Zum Beispiel Ohrwurm, Naschkatze oder das Kopfkino haben es ihm angetan. Obwohl Englisch eine sehr funktionelle und kompakte Sprache ist, erzeugen diese deutschen Begriffe trotz ihrer Kürze prägnante Bilder, die das Gemeinte im wörtlichen Sinne „ausmalen“. Ein weiteres „german word“, das Mr. Wood liebt, ist die Schnapsidee (schnapps idea). Auch der Dickkopf (thickhead) bringt in einem Wort auf den Punkt, was für einen Menschen man sich darunter vorzustellen hat. Schon etwas ältere, aber unübertroffen gut beschreibende Wörter sind Bandsalat und Kulturbeutel.

Noch ein Wort, um das uns Engländer beneiden, ist das praktische doch. Mit dieser einen Silbe lassen sich ganze Satzkaskaden in einer Debatte radikal beenden. „Aber Sie können doch nicht so einfach ...“ „Doch!“ – und fertig!

Wood ist viel herumgekommen, weltläufig und in vielen Sprachen zu Hause, doch ein deutsches Wort begeistert ihn wegen seines Klanges: Es ist der Tolpatsch. Allerdings folgt der Brite hier der falschen Fährte, denn der Wortstamm liegt in Ungarn. Der talpas (etwa: Breitfüßler) war ein ungarischer Infanteriesoldat, der auf untergeschnallten Holzsohlen ging, was eben sehr tolpatschig aussah.

Weitere deutsche Wörter im englischen Sprachgebrauch sind das erfolgsrezept und die schadenfreude. Wir haben da noch einen Vorschlag: to merkel something (Verb, unregelmäßig: to merkel, maas, maiziere.) Übersetzung: etwas vermurksen, total ruinieren. Beispiel: „Oh no, don’t put sand in the engine, you will merkel it!“ (Oh nein, streu’ keinen Sand in den Motor, du wirst ihn noch merkeln!“)

Aber Germanismen haben sich noch in viele weitere Sprachen eingeschlichen: Der Däne feiert den Polterabend und ist danach meist besoffen, ebenso wie der Japaner, der zuviel Kirushuwassa (Kirschwasser) getrunken hat und nicht mehr mit dem Wagen fahren darf. In Bulgarien bestellt man dann eine Marsh­rutka (Marschroute), ein Sammeltaxi. Ist kein Sprit mehr im Tank, fährt der Perser zur Pompe Benzin. Beim Spritpreis ärgert sich der Albaner über die hohe Shtojer. Der Bosnier reinigt noch schnell die Frontscheibnitza. Der Norweger weiß, daß man dafür Fingerspitzgefühl braucht.

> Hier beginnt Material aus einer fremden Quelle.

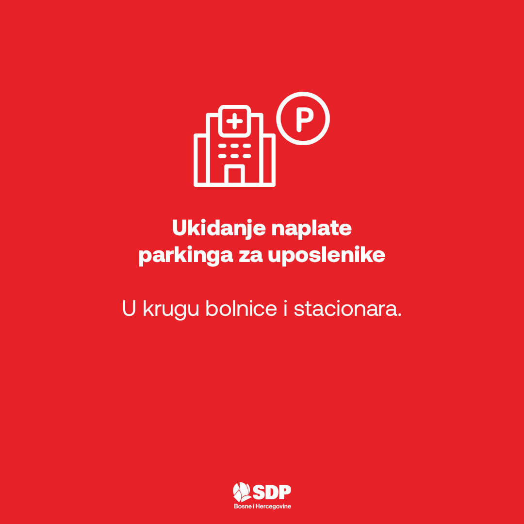10. Ukidanje naplate parkinga za uposlenike bolnice i stacionara – U krugu bolnice i stacionara.
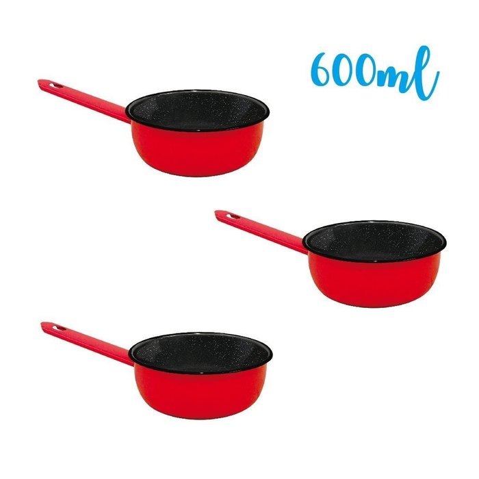 Kit 3 Panela Esmaltada Ágata Pequena 12 600ml Metallouça Vermelho

Am nächsten Tag folgt beim Polen der unausbleibliche Kacenjamer. Da bleibt man, wie in Portugal, besser beim Malzbier. Niest der Rumäne, sagt man Helfgott und schließt das Oberlicht. Der Spanier philosophiert über Weltanschauung, während der Russe ganz ohne Zejtnot mit Appetit sein Buterbrod verspeist. Für den Niederländer ein Aha-Erlebnis.